Tuesday, November 3, 2009

Health Care's Actual Costs Versus Their Reasonable Costs: Insights From the New England Journal

You can't fight City Hall, the State Capital or Washington. Not when it's not 'reasonable.'

Right after an embarrassingly self-promoting and one-sided political treatise by Senator Max Baucus (the link is undeserved, that's how awful this is), there is a far more telling November 5 New England Journal of Medicine article by Wendy Parmet titled 'Litigation Amidst Reform - The Boston Medical Center Case.' It reviews how BMC elected to go to court even as Massachusetts' ballyhooed health reforms were being implemented.

BMC, unlike its more profitable neighbor hospitals, has a mission of treating the poor, the uninsured and, by extension, those with Medicaid. When the State altered the safety net hospitals' payment methodology as part of its reform, BMC decided to sue. It used several arguments: 1) safety net funds that had been previously authorized were still owed, 2) demanding services without just compensation is akin to the taking of property and 3) there is legal precedent that requires that the State meet the hospitals' financial requirements.

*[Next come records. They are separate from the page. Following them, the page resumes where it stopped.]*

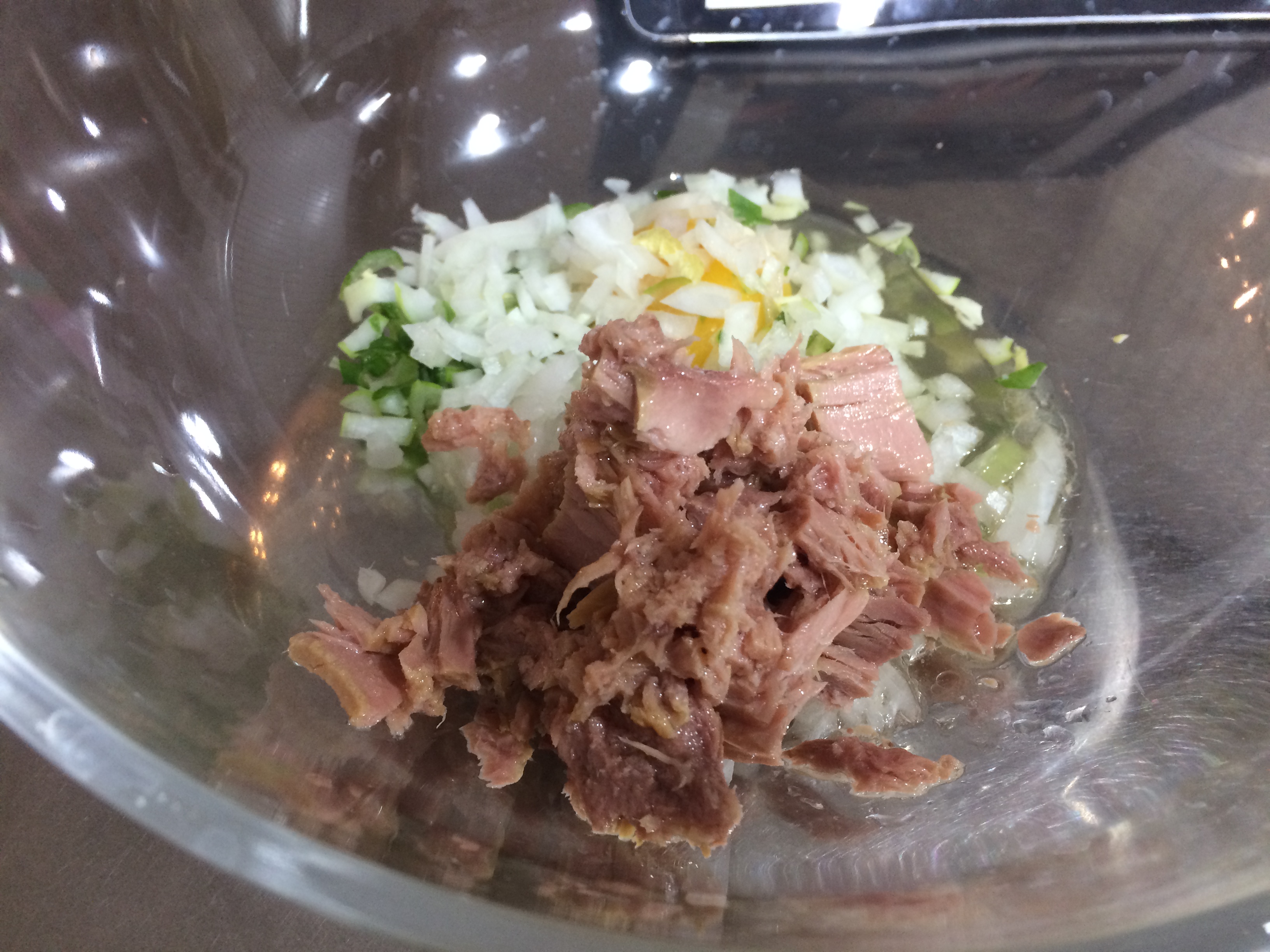 2. 볼에 참치 살코기와 다져서 준비해둔 양파, 대파, 간마늘, 청양고추, 달걀을 넣어 골고루 섞는다.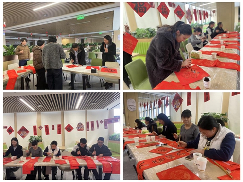 在這如詩如畫的美好時刻,我們以一副春聯凝聚夢想的光輝,迎接新春的腳步。活動伊始,來自城發產城公司工程設計部的張馨友老師現場揮毫潑墨,他的筆下,每一劃都似春風拂面,每一點都像細雨潤心,將美好的愿景與溫暖的問候融入到那一幅幅靈動的字跡之中。與此同時,活動現場精心準備了豐富的書寫工具,這里,不僅是紙墨交融的地方,更是心靈交匯、智慧碰撞的空間,在揮灑筆墨的過程中體驗到了傳統文化的獨特魅力。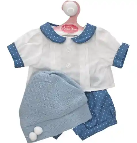 Nuestros bebés han renovado este año el armario de ropita de Muñecas Antonio Juan y no les falta detalle. Pensando en acompañar a los más pequeños en sus juegos y fomentar su imaginación, tenemos un bonito surtido de trajes de muñecas para 42 cm. en el que se incluyen vestidos, trajes y pijamas surtidos ( cada uno se vende por separado)
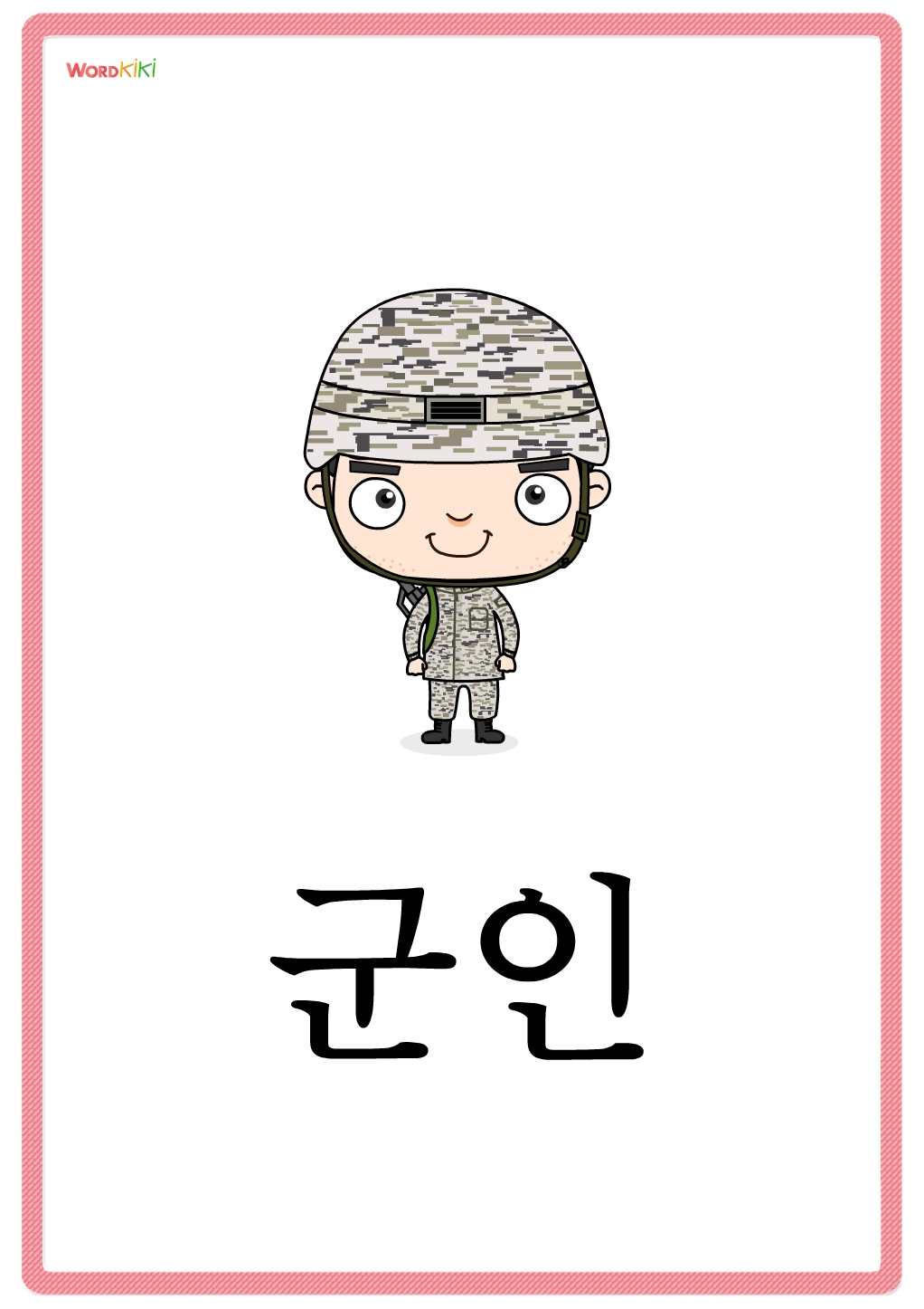 우리 아이 첫 한글 단어카드 중 직업 테마로 직업에 관련된 단어를 배울 수 있습니다.

Not so says Massachusetts. Its filings in response to the suit indicate that the funds that have been authorized have been paid in full. What's more, they argue that BMC has long agreed to accept Medicaid payment rates - period. What really caught the Disease Management Care Blog's eye, however was another novel arugment from the State: the law only requires that hospitals be paid their reasonable costs, not their actual costs.

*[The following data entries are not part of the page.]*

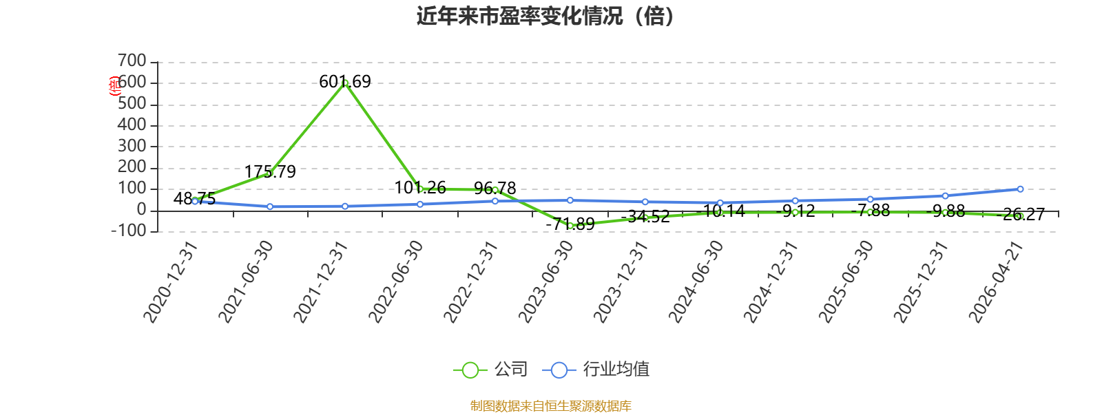 以4月21日收盘价计算,永和智控目前市盈率(TTM)约为-26.27倍,市净率(LF)约9.67倍,市销率(TTM)约5.35倍。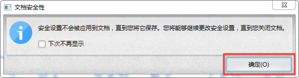 第十一步,接着软件会弹出【文档安全性】的提示窗口,我们点击【确定】按钮。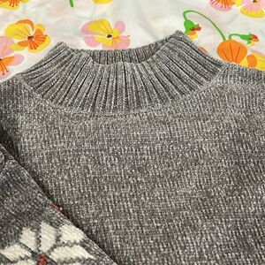 Chenille Mock Neck Sweater Christian Siriano - M Gray Snowflakes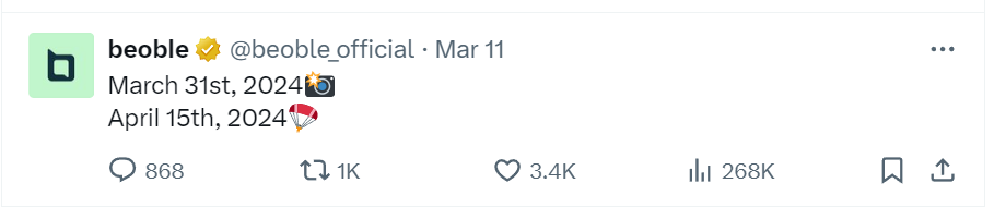 스냅샷은 3월 31일 에어드랍은 4월 15일을 암시하는 트윗을 남겼습니다.

Ms. Parmet suggests BMC has an uphill fight on its hands. State courts have been generally deferential to their health agencies in these matters. Many scholars have pointed out that the Constitutional prohibition against the unreasonable seizure of property does not extend to 'services.' Finally, while there was a part of Federal law that required 'reasonable and adequate' payment rates under the 'Boren Admendment,' that inconvenience was repealed years ago.

The distinction between reasonable and actual has been enough to give the DMCB a head cramp. If a course of treatment for cancer 'costs' $100,000, should the reasonable cost or the actual cost be covered? While commerical insurers and their slim 3.3% profit margins may pay a negotiated payment for $100,000 services (which essentially boils down to an actual cost), should a government with sovereign immunity be allowed to define reasonable payment levels? If the government deems a hospital bill as 'unreasonable,' should commerical insurers have the same option? What precisely is the definition of 'reasonable' anyway? Cost of capital and labor plus a small profit margin (like 3.3%)? Or, anything that results in an extension of life at a price equal to or less than consensus opinion? If many insurer-provider contracts are based on a percent of prevailing Medicare rates, what happens if the AMA Relative Value Scale Update Committee turns from being 'fair and accurate' to being 'reasonable?' While the current legislation before Congress has the proposed Public Plan negotiating rates with providers, is there any chance that elements of that will be repealed like the Boren Amendment?

While the DMCB was struggling with this, it turned again to the DMCB spouse for her always unique insights. Pointing out that the DMCB has needs, it asked if its actual or reasonable needs should be met.

Her unhelpful response: there is an important difference between 'needs' and 'wants' and both are only sometimes reasonable.